PROVIDED DATA:
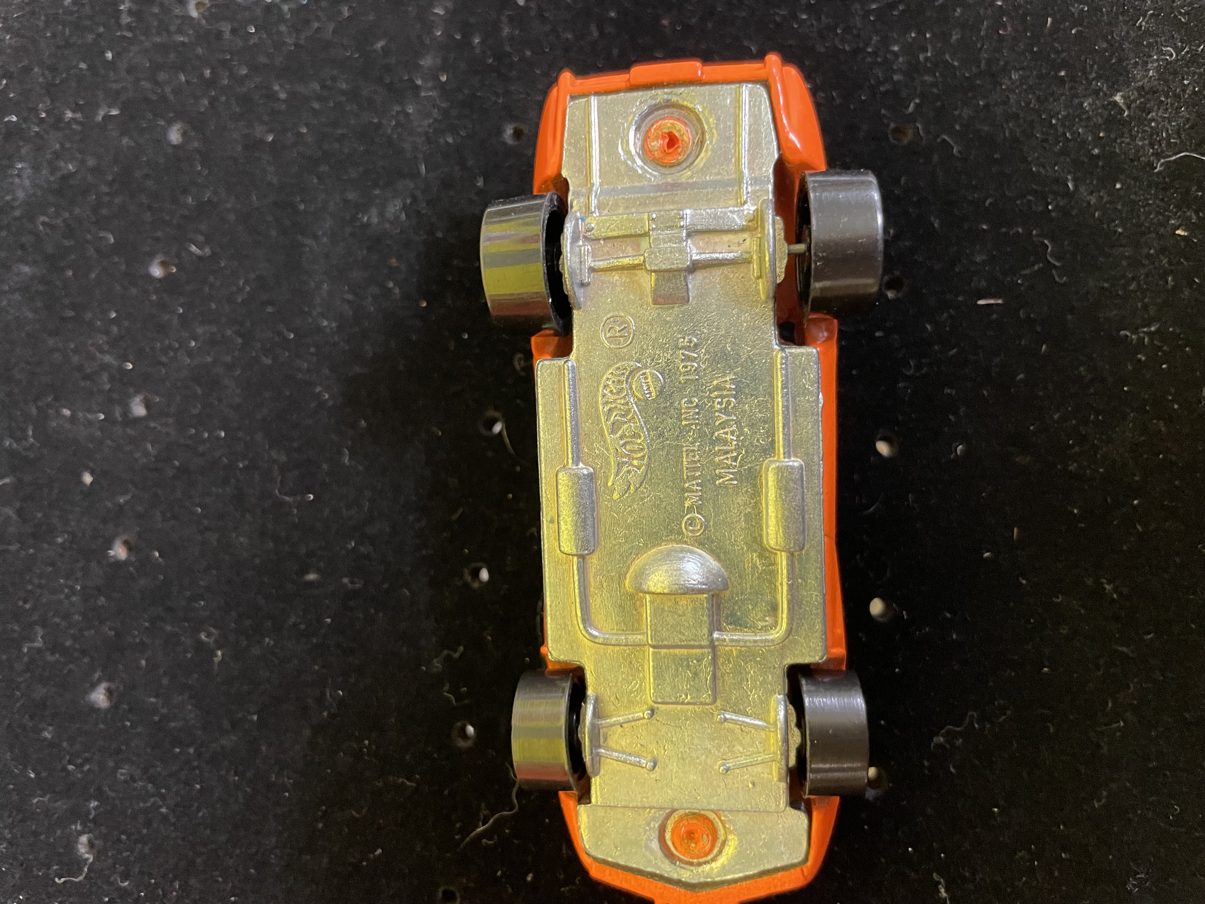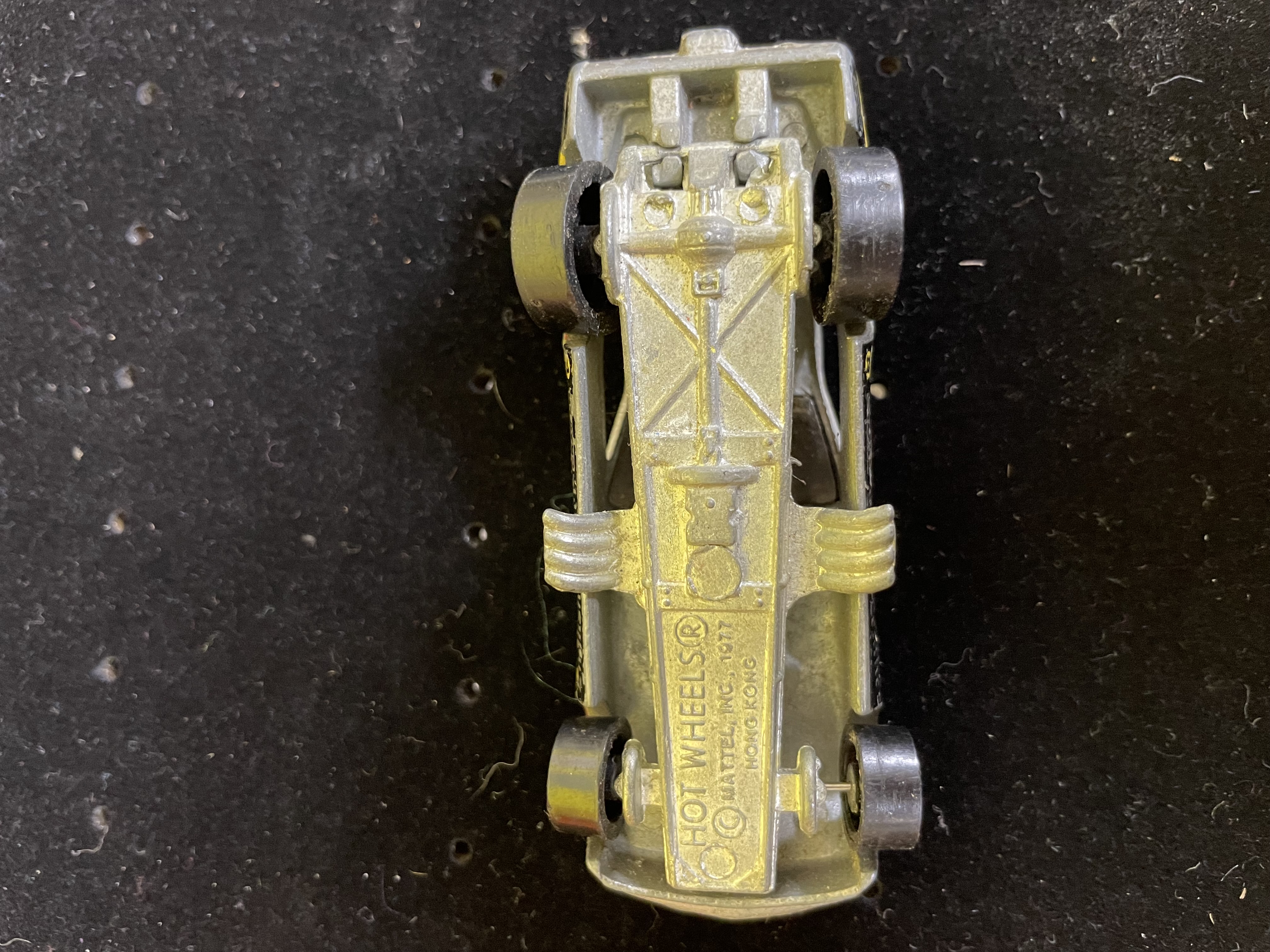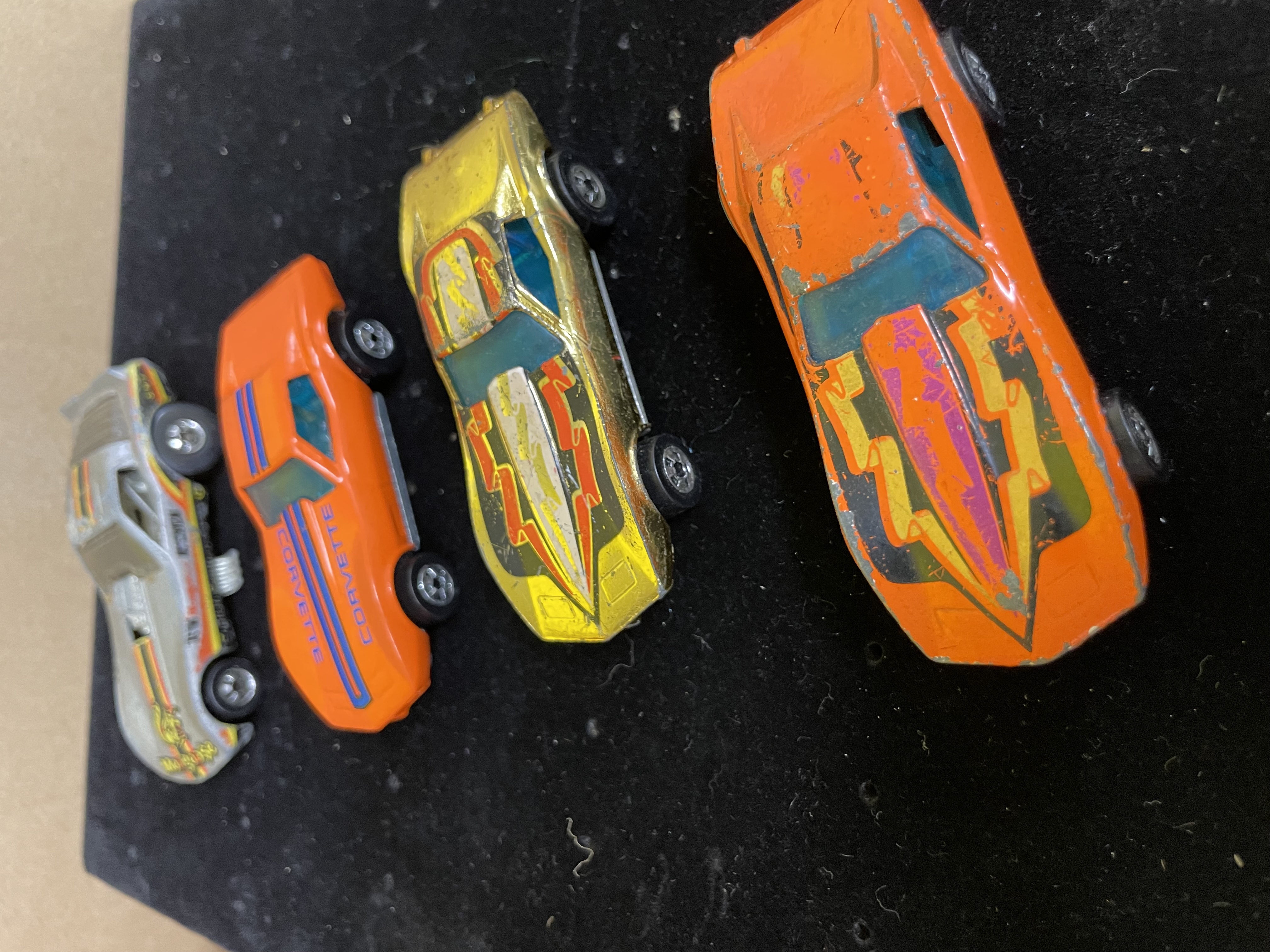 A group of three vintage Hot Wheels die-cast toy cars, characteristic of 1970s manufacturing. Each vehicle is constructed with a metal body, an unpainted metal chassis, and black plastic wheels. The first is a gold-painted “Corvette Stingray” model from 1975, marked “HOT WHEELS®” and “© MATTEL, INC. 1975 HONG KONG U.S. AND FOREIGN PAT, ” featuring red, black, and white racing decals. The second is a silver-grey “Mongoose” dragster from 1971, marked “HOT WHEELS®” and “© MATTEL, INC. 1971 HONG KONG, ” displaying prominent red, yellow, and black racing stripes with a “Mongoose” logo. The third is an orange-painted “Corvette” from 1977, marked “HOT WHEELS®” and “© MATTEL INC. 1977 MALAYSIA, ” featuring blue racing stripes and “CORVETTE” text.
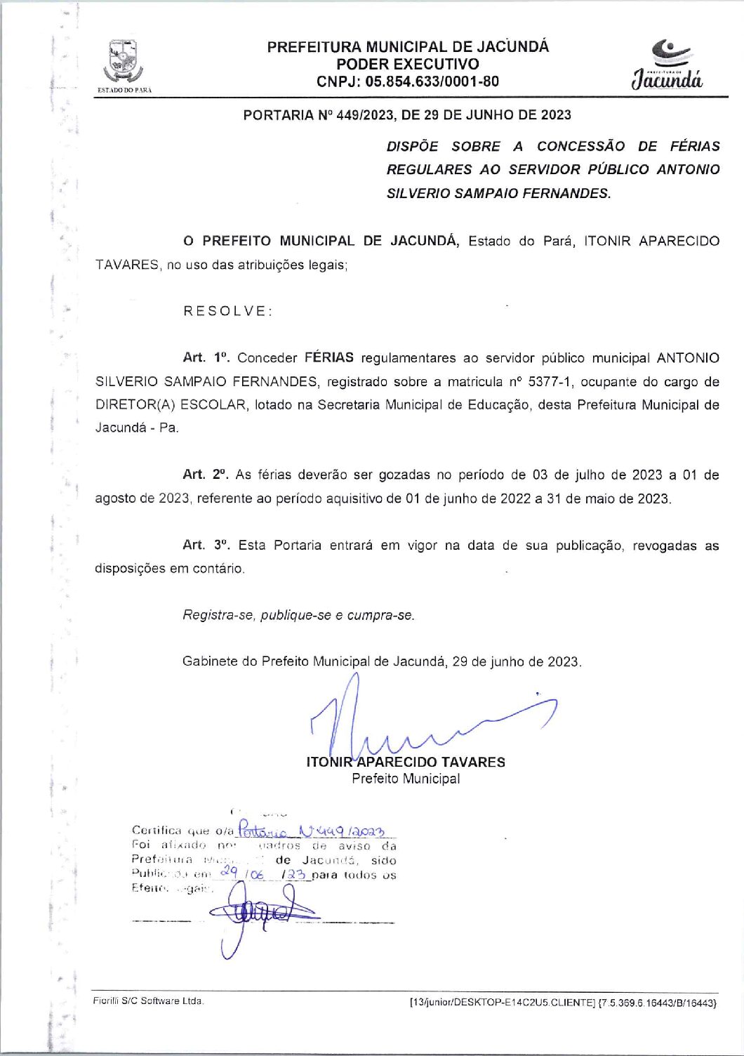 PORTARIA N°449-2023-ANTONIO SILVERIO SAMPAIO FERNANDES
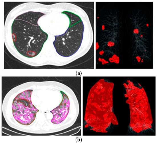 PI severity was assessed using baseline chest CT scans obtained during hospital stay for COVID-19 pneumonia. All patients were examined with a 64-detector row CT scanner (Somatom® Definition AS; Siemens Healthineers, Forchheim, Germany). Scanning was carried out in supine position and after full inspiratory breath-hold. Ground-glass opacities (GGO), consolidations, and interstitial abnormalities were recorded and summed up regarding the occupied percentage of both lungs. It was repeated when patients returned for follow-up to have a detailed evaluation at the same time as CPET. Patients were categorized into high and low PI groups based on a threshold of 25%. Chest CT images were further analyzed using artificial intelligence (Syngo Via Version VB60A_HF08) to quantify the degree of lung involvement [] in a subgroup of 22 patients. Six patients had CT scans performed in other hospitals before admission to the study hospital and therefore could not be analyzed with the AI software. The image analysis for the pneumonia severity score was performed by an automated lung opacity analysis program, “CT Pulmonary Density”, supplied by Siemens Healthineers (Forchheim, Germany), which was previously validated externally []. Utilizing 3D segmentations of lesions, lungs, and lobes, the algorithm assesses the volumes of lobes and lungs along with areas of high opacity, which include ground glass and consolidation. The extent of involvement (total opacity score) was determined by calculating the ratio of the volume of high-opacity regions to the total lung volume. Two examples are illustrated in Figure 2.
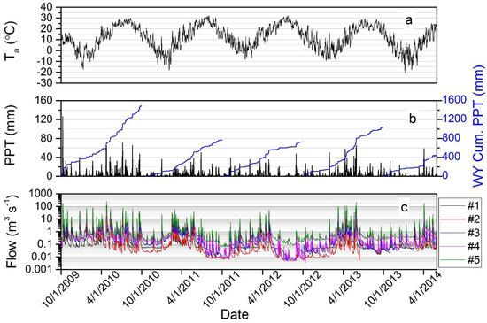 Five-site-average air temperature (Ta; °C) (panel a), five-site-average daily precipitation (PPT; mm), cumulative water year precipitation (WY Cum. PPT; mm) (panel b), and average daily streamflow (m3 s−1) (panel c) at each gauging site (n = 5) during study period (October 2010–May 2014) in Hinkson Creek Watershed, MO, USA.
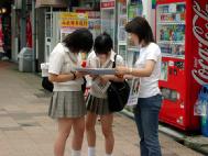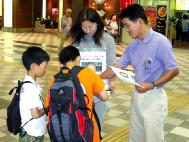 | 学员在征集签名 | 学员在向日本民众讲真象 |
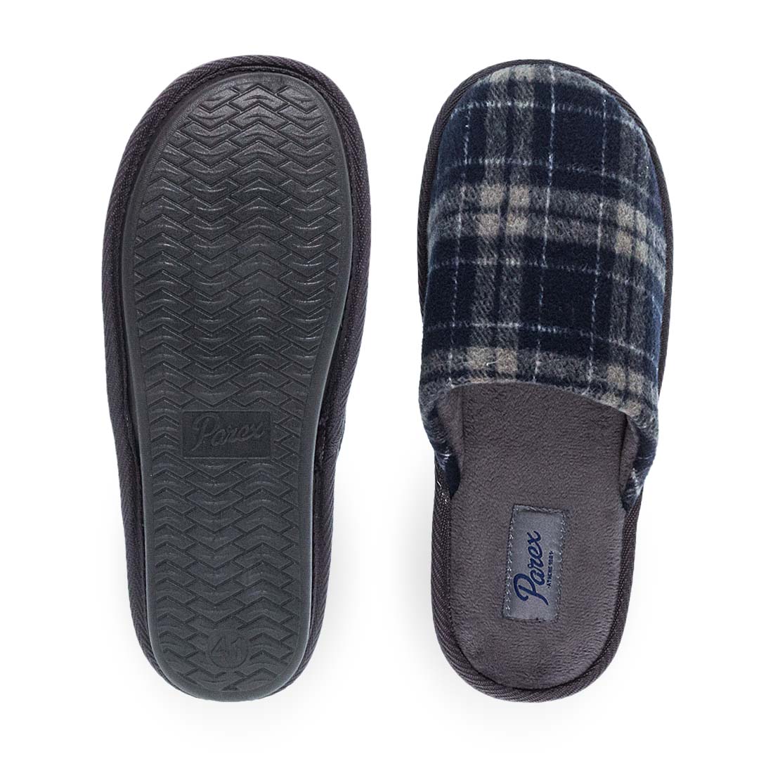 Men''s house slippers by Parex. Men’s Parex slippers with plaid pattern and soft lining. Perfect for home comfort and style.
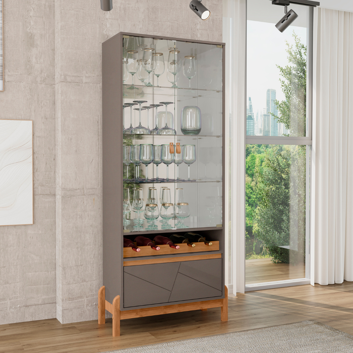 Cristaleira Cristal Espelho Adega 2 Portas Vidro Temperado Sala de Estar e Jantar com Pés Madeira Ma
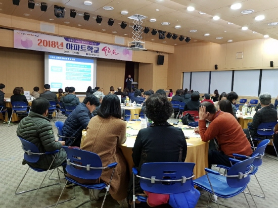 [±¤ÁÖ=¹Ìµð¾îÀü³²]À±¹ÌÇý ±âÀÚ=±¤ÁÖ±¤¿ª½Ã ¼±¸Ã»ÀÌ ÁÖÃÖÇÏ°í ¼±¸¸¶À»°øµ¿Ã¼Á¾ÇÕÁö¿ø¼¾ÅÍ¿¡¼ ÁÖ°üÇÏ´Â ÇູÇÑ ¾ÆÆÄÆ® ÇÔ²²ÇÏ´Â ÀÌ¿ô»çÃÌÀ» À§ÇÑ '2018³â ¾ÆÆÄÆ®Çб³ ¼³·¹ÀÓ'ÀÌ 26ÀÏ ¼±¸Ã» ´ëȸÀǽǿ¡¼ ¿·È´Ù. ¾ÆÆÄÆ®°øµ¿Ã¼¡¦
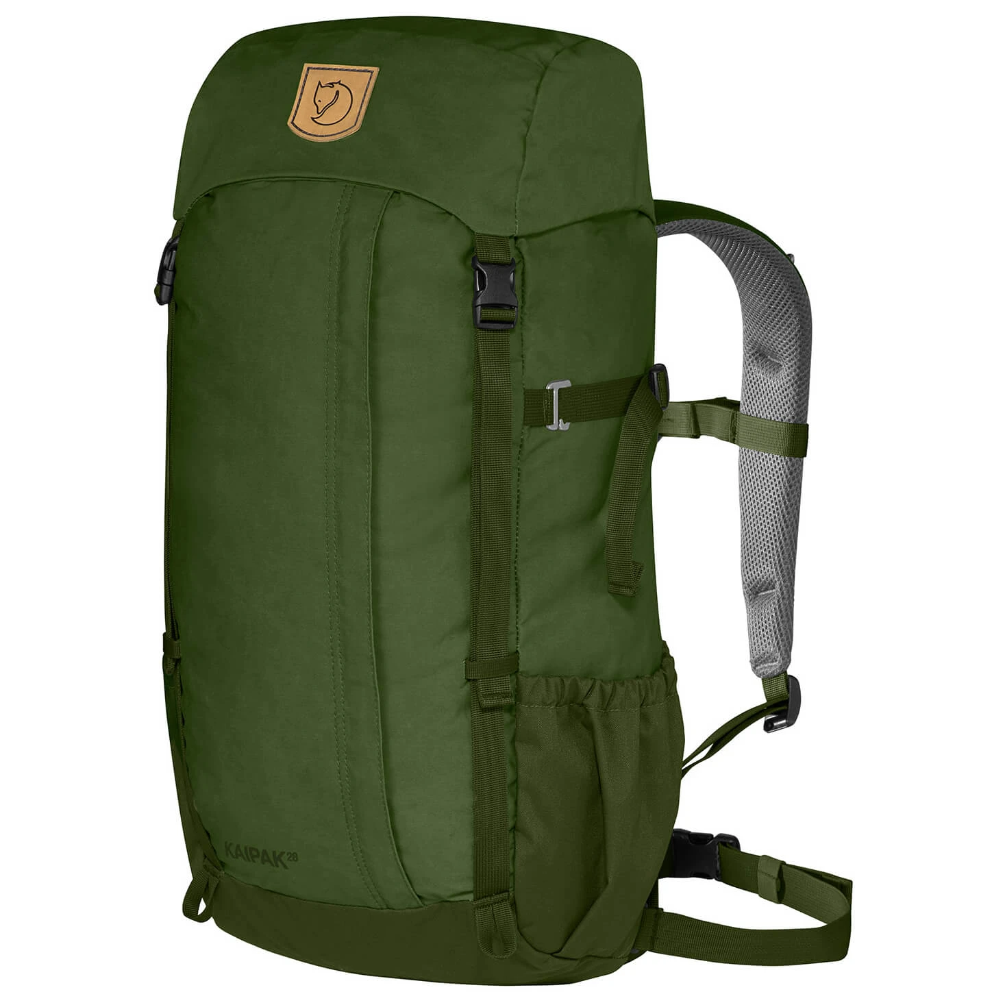 Für wahre Naturfreunde – der Kaipak 28 von Fjällräven. Der leichte und praktische Rucksack eignet sich nicht nur bestens für Ausflüge in die Natur, er trägt auch zu ihrer Erhaltung bei. Der Tagesrucksack ist aus G-1000 Heavy Duty Eco, der umweltfreundlichen und äußerst stabilen Variante des Materialklassikers von Fjällräven gefertigt. Die Baumwolle ist biologisch angebaut, das Polyester recycelt! Der robuste Materialmix ist speziell für strapaziöse und materialbelastende Zwecke konzipiert. Er fürchtet daher weder schweres Gewicht noch dauerhaften Einsatz. Mit seiner Imprägnierung aus Grönlandwachs wirkt das Material wasserabweisend, das heißt Regentropfen und Schnee perlen direkt ab. So übersteht der Rucksack zumindest kurze Schauer, ohne zu durchnässen. Bei länger anhaltendem Regen schafft die integrierte Regenhülle Abhilfe. Der Kaipak 28 von Fjällräven kommt mit einem großen Hauptfach, einem Frontfach und zwei Stretchtaschen an den Seiten. Kompressionsgurte halten den Rucksack bei geringer Füllmenge in Form. Und Wanderstöcke lassen sich ganz einfach am Rucksack befestigen, wenn sie nicht gebraucht werden. Ob auf leichten Wanderungen oder Tagesausflügen – der Kaipak 28 von Fjällräven ist ein zuverlässiger Begleiter.

TASK INSTRUCTIONS: Copy nothing but the lines above from the one with "Men''s house slippers" to the one with "ÁÖ°üÇÏ´Â ÇູÇÑ ¾ÆÆÄÆ®", inclusive, word for word. Leave every picture out.

EXERCISE RESULT:
 Men''s house slippers by Parex. Men’s Parex slippers with plaid pattern and soft lining. Perfect for home comfort and style.
 Cristaleira Cristal Espelho Adega 2 Portas Vidro Temperado Sala de Estar e Jantar com Pés Madeira Ma
 [±¤ÁÖ=¹Ìµð¾îÀü³²]À±¹ÌÇý ±âÀÚ=±¤ÁÖ±¤¿ª½Ã ¼±¸Ã»ÀÌ ÁÖÃÖÇÏ°í ¼±¸¸¶À»°øµ¿Ã¼Á¾ÇÕÁö¿ø¼¾ÅÍ¿¡¼ ÁÖ°üÇÏ´Â ÇູÇÑ ¾ÆÆÄÆ® ÇÔ²²ÇÏ´Â ÀÌ¿ô»çÃÌÀ» À§ÇÑ '2018³â ¾ÆÆÄÆ®Çб³ ¼³·¹ÀÓ'ÀÌ 26ÀÏ ¼±¸Ã» ´ëȸÀǽǿ¡¼ ¿·È´Ù. ¾ÆÆÄÆ®°øµ¿Ã¼¡¦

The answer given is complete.